People take part in a protest against Russia's military operation in Ukraine, in Times Square, in New York City, U.S., February 24, 2022. Reuters / JEENAH MOON

Demonstrators in several major U.S. cities protested the invasion of Ukraine on Thursday, calling on Russian President Vladimir Putin to halt the missile and troop assault as U.S. President Joe Biden announced new sanctions against Russia.

Despite freezing temperatures, hundreds of protesters in Manhattan marched to the Russian mission to the United Nations, some cloaked in Ukrainian flags and chanting "stop the war." New York City has the largest Ukrainian community in the United States.

Anstasiia Yashchenko, a resident of Kyiv, told Reuters her family and friends were foremost on her mind while she attended the protest with her boyfriend, who had flown her to New York City 10 days earlier.

"I packed everything in like two suitcases and I just ran out of the apartment and just left," said Yashchenko, 23. She said she had hoped tensions would lessen, and could not believe her eyes when watching the invasion unfold early Thursday.

The earliest protest on Thursday occurred outside Russia's embassy in Washington around 1 a.m. EST (0600 GMT), shortly after news broke that Russian forces had launched a massive attack against its neighbor.

Additional protests were scheduled for later on Thursday in Washington, Los Angeles, Houston, and Denver, according to social media posts.
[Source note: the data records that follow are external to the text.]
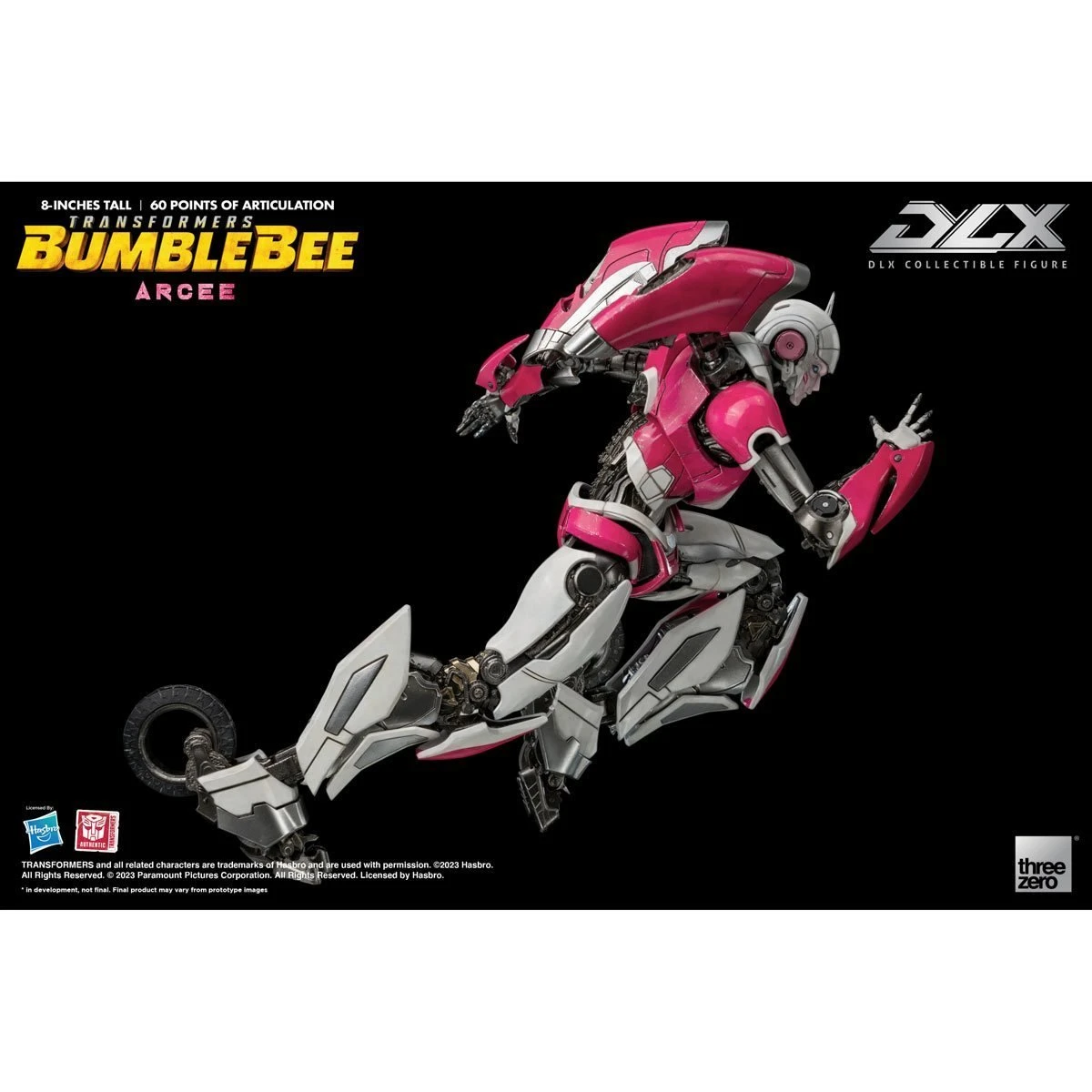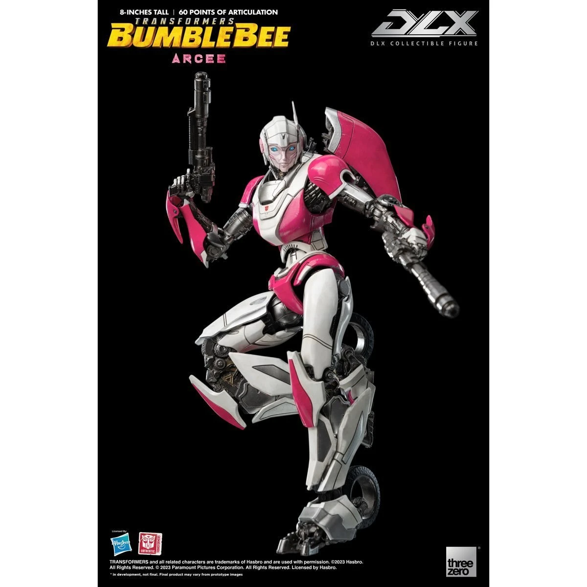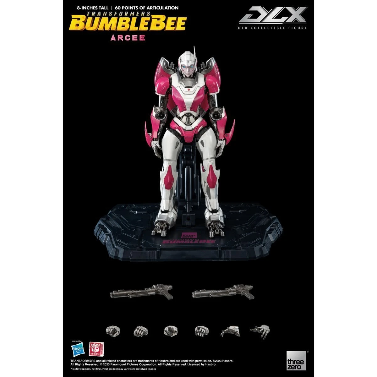 Arcee, the female Autobot from the Transformers: Bumblebee film joins the Transformers DLX collectible action figure series! At 8-inches tall, the Transformers: Bumblebee Arcee DLX Action Figure features approximately 60 points of articulation, a die-cast metal frame, and LED illuminated eyes. Accessories include 2x blasters, 4x pairs of interchangeable hands, and a DLX Action Stand for more dynamic poses.
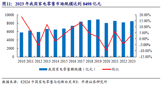 电接触产品是电气设备必备的基础元器件,近年来,随着我国电气化程度逐步加深,对电接触产品的需求量也逐年增大。根据中国电器工业协会电工合金分会的统计数据,2023年我国电接触产品行业工业总产值达到195.6亿元人民币,2015-2023年期间年复合增长率为10.98%。电接触产品下游主要应用领域低压电器是家用电器产品的核心部件之一。2023年我国家电零售市场规模达到8498亿元,恢复至疫情前(2019年)零售规模的95.4%,同比增长3.6个百分点。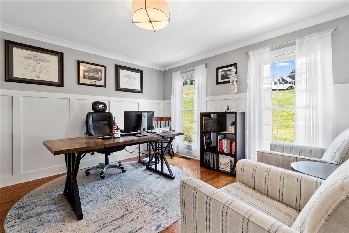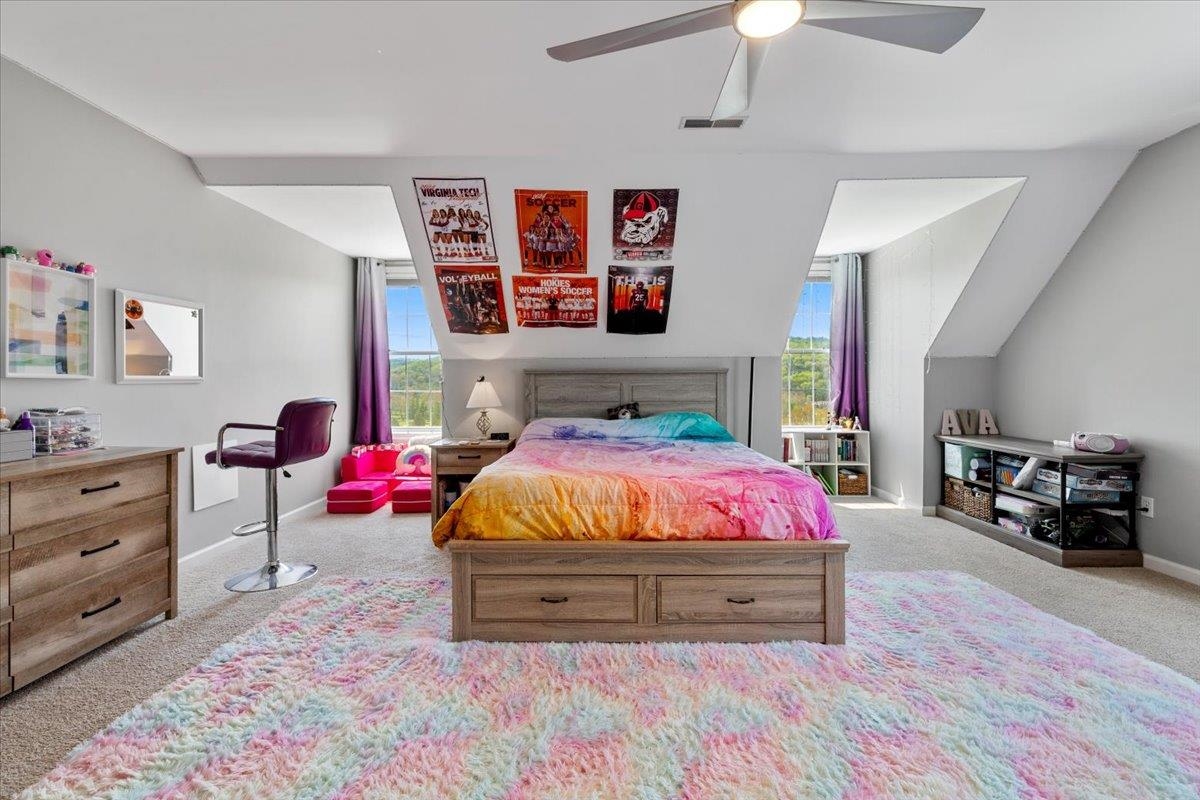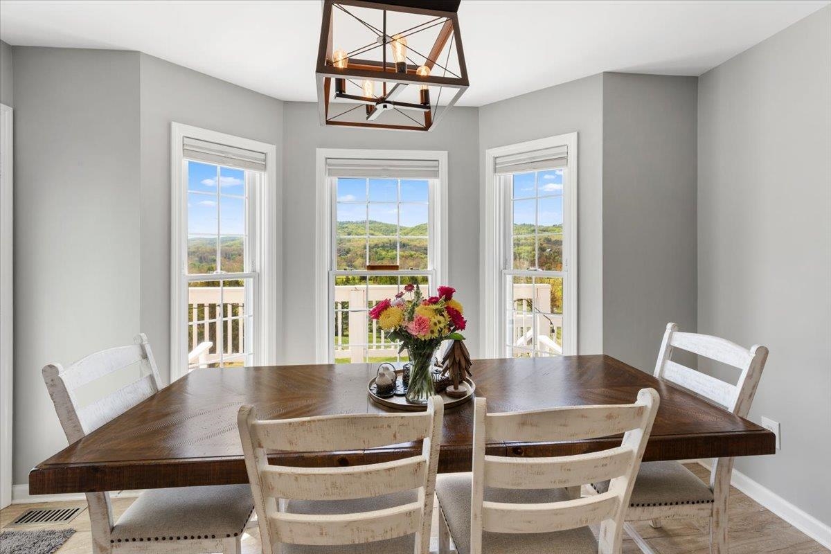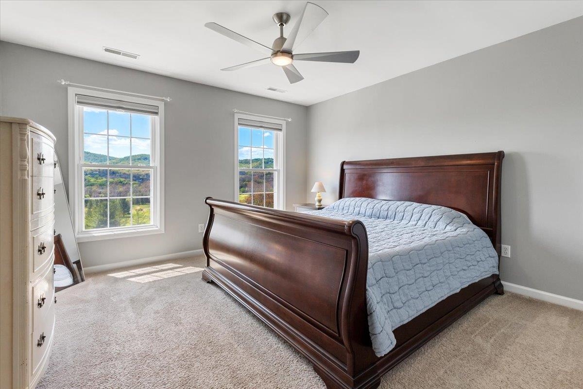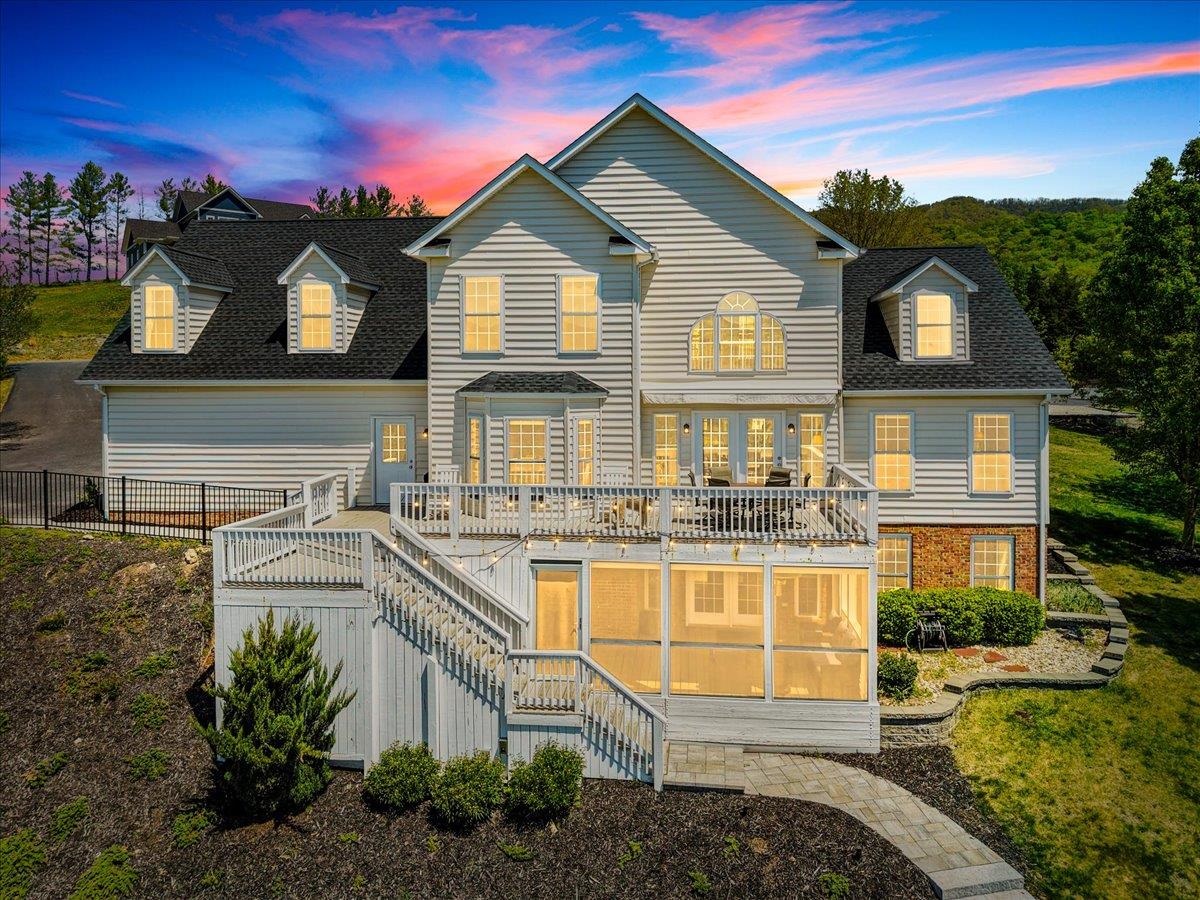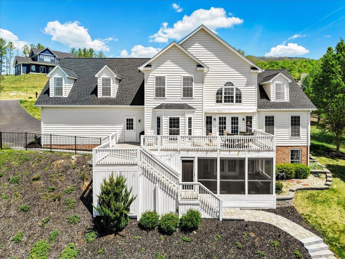 Experience luxury living in this stunning residence perfectly perched above the prestigious Blacksburg Country Club. Situated directly above the 4th green and 5th tee box, the property offers a bird’s-eye view of the course. Beyond the manicured greens, your gaze is met with breathtaking, panoramic vistas of the Ellett Valley and the layered peaks of the Blue Ridge Mountains. Whether it’s morning coffee on the screened porch or an evening by the firepit, the scenery is your constant backdrop. Spanning over 4,300 square feet, this 5-bedroom home is designed for both grand entertaining and comfortable daily living.The thoughtful layout features a spacious primary suite on the main floor, along with a gourmet-ready kitchen and elegant formal spaces. The upper level boasts four generous bedrooms, while the finished walk-out basement provides the ultimate recreation space, complete with a game room and patio access.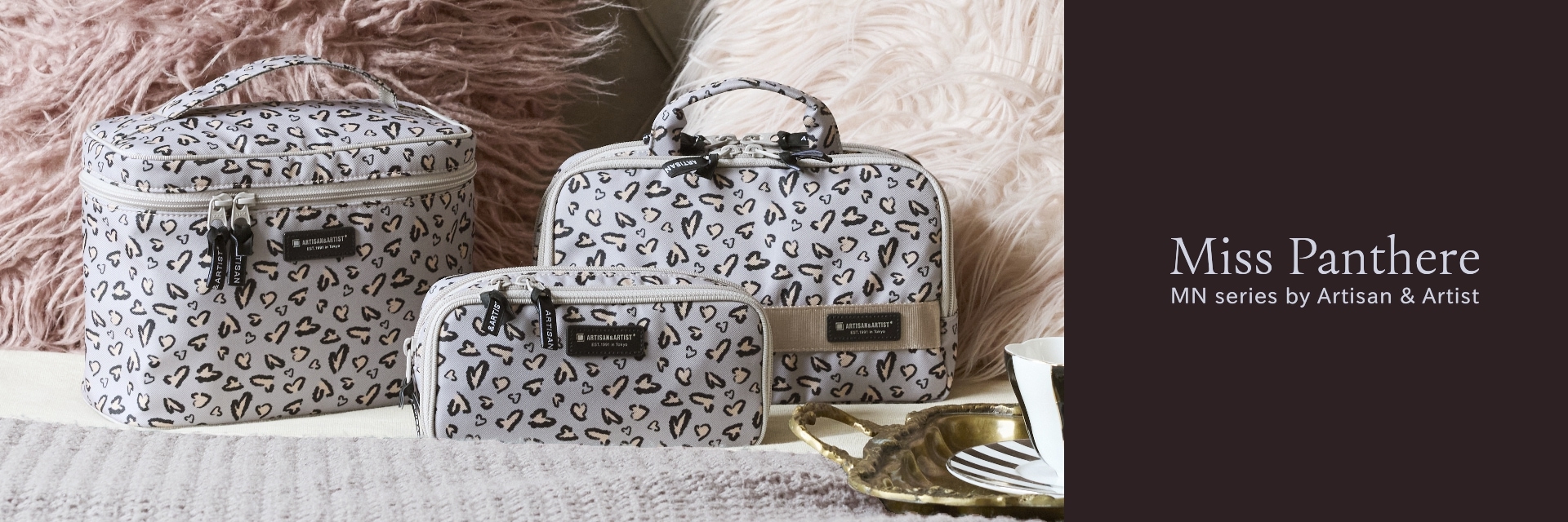 淡いグレーベースに小粒レオパード×ハート柄をあしらった、甘すぎない・強すぎない絶妙バランスのポーチシリーズ。バッグの中でさりげないアクセントになり、普段使いでも旅行でも使いやすいアイテムです。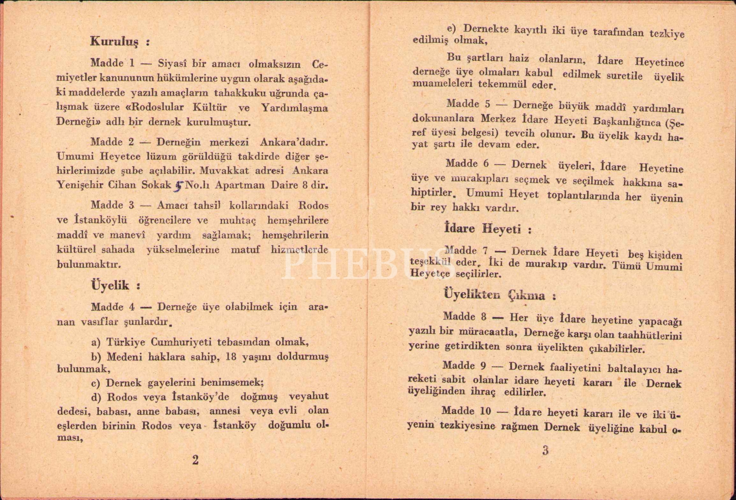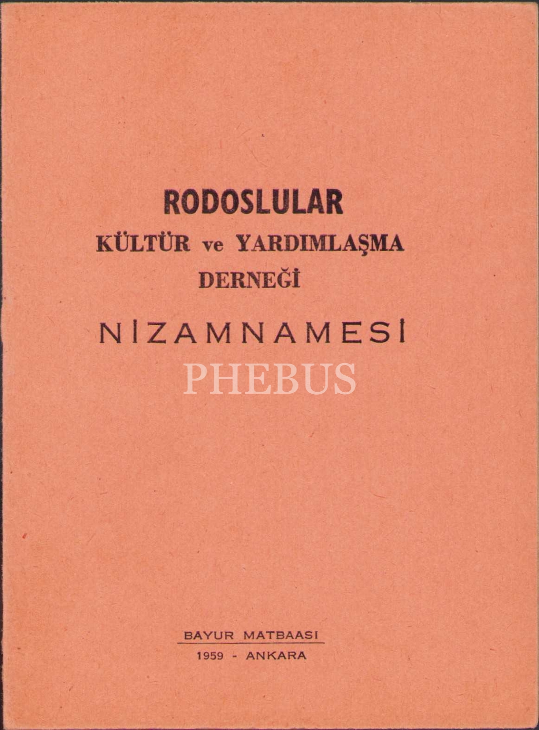 Rodoslular Kült. Ve Yard. Dern. Nizamnamesi, Ankara 1959, 8 sayfa, 10x13 cm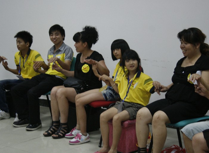 本次亲子团体辅导主要分为三个部分。第一个是亲子拉手,通过亲子之间的拉手,增进了亲子之间的情谊,让他们感到自己不是孤单一个人。章老师分析了人和人之间的沟通就是人际交往。“人”,就是相互支持的,手语中的“家”,就是由很多“人”组成的。由此可见,家庭对一个人的重要性。第二个小游戏,考验亲子间的默契程度。章乐燕小朋友和她的妈妈参加了这个游戏,在游戏的过程中,每个人都认真地思考:我了解吗?我知道吗?通过这个游戏,家长们明白了解是良好沟通的前提。第三个游戏是让家长与小营员回忆发生在他们之间让人记忆犹新的冲突。这个环节告诉家长们,亲子之间发生冲突的时候千万不要记住孩子话中带有的恶意,要去关注实事求是的部分,要学会换位思考。孩子有错的时候就要惩罚他们,惩罚其实也是一种教育,但是惩罚之后要对他们进行抚慰。这样,既能起到惩罚的效果,又不会造成亲子关系的疏远。最后,张海音老师带领营员和家长做了两个小游戏——“暴风雨”和“你追我赶”。在游戏中小营员与家长们愉快地结束了下午的活动。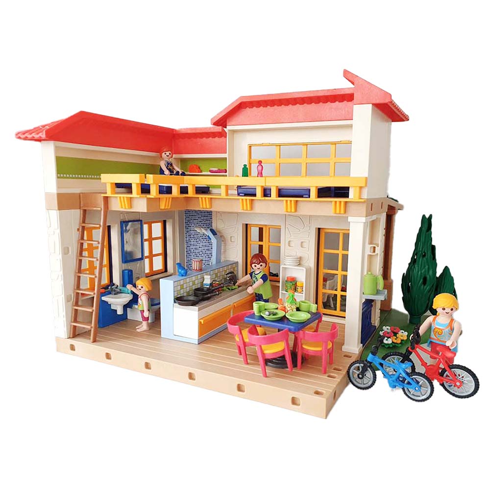 Dit uitgebreide Playmobil 4857 vakantiehuis is ingericht met keuken, woon-, bad- en slaapkamer voor de hele familie. Inclusief terras met tuinmeubelen en barbecue. Voorzien van vele accessoires zoals fietsen, stoelen, tafels en bedden. Inclusief 4 Playmobil speelfiguren. Ik ben fan! Jij ook? Oh ik verlang zo naar de zomers samen met het gezin even lekker er tussenuit. Fietsen, lange badderen en Barbecuen heerlijk!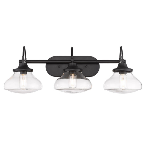 View full detailsGolden 3419-BA3 BLK-CLR Three Light Bath Vanity, Matte Black
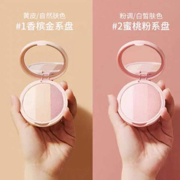 – Bảng highlight Too Cool For School sẽ bao gồm 3 ô màu phấn trải đều từ vàng champagne – cam san hô và hồng nhạt, nếu mix lại sẽ đem lại hiệu ứng bắt sáng x2 và màu sắc đa dạng tuỳ theo sở thích.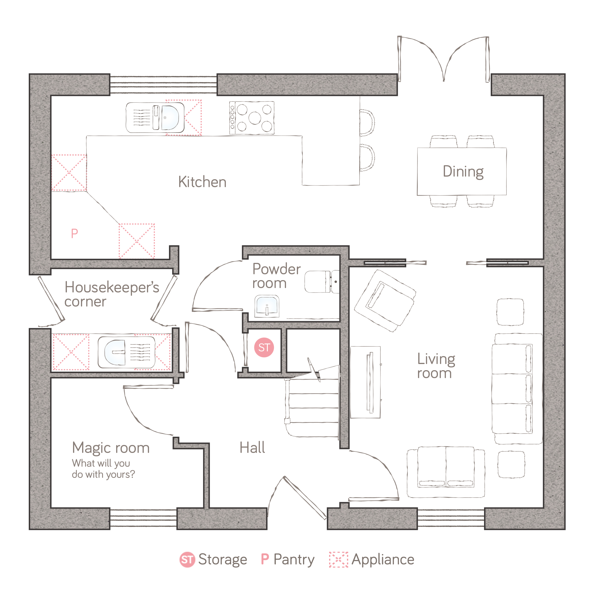 - Separate HOUSEKEEPER'S CORNER (utility room)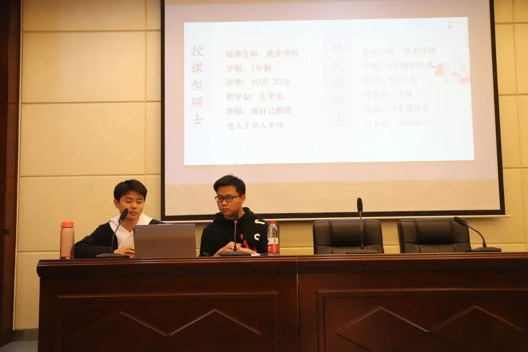 王沛杰重点向同学们介绍香港授课型硕士的基本情况、主要的申港学校以及相关专业。赵旭聪着重分享留学项目申请的经验,围绕留学前期准备、申请流程、申请专业三个方面做介绍,其中前期准备涉及必修课成绩、实习经历、英语口语等方面。他认为,必修课的成绩与绩点是前期准备的重中之重,实习经历是锦上添花,同学们应注意各方面的平衡。

Similar rallies took place in cities around the world on Thursday.

Russia's invasion, the biggest attack on a European country since World War Two, has left many Ukrainian-Americans fearful for the safety of loved ones still living in the eastern European country.

One of the people at Washington's early-morning protest, which dispersed before sunrise, told Washington television station WUSA that he had been pleading with his parents and sister to leave and get to safety for weeks, to no avail.

Dozens of Ukrainians began fleeing Ukraine into Poland and other neighboring central European countries after Russia's assault began on Thursday, some taking only what they could carry and leaving behind possessions and pets.

Russians have also joined U.S. protests to voice their opposition. Outside the Russian U.N. mission in Manhattan on Thursday, Julia Makhalova, a 34-year-old who immigrated to New York from Russia in 2017, said she feared Putin's actions would escalate into a full-blown world war.

"I think it's very scary overall," she said in an interview. "The president is literally crazy."

In Russia, protest against the invasion of Ukraine has been stifled. A Moscow-based opposition activist, Marina Litvinovich, was detained by Russian police on Thursday after she called for anti-war protests in the country.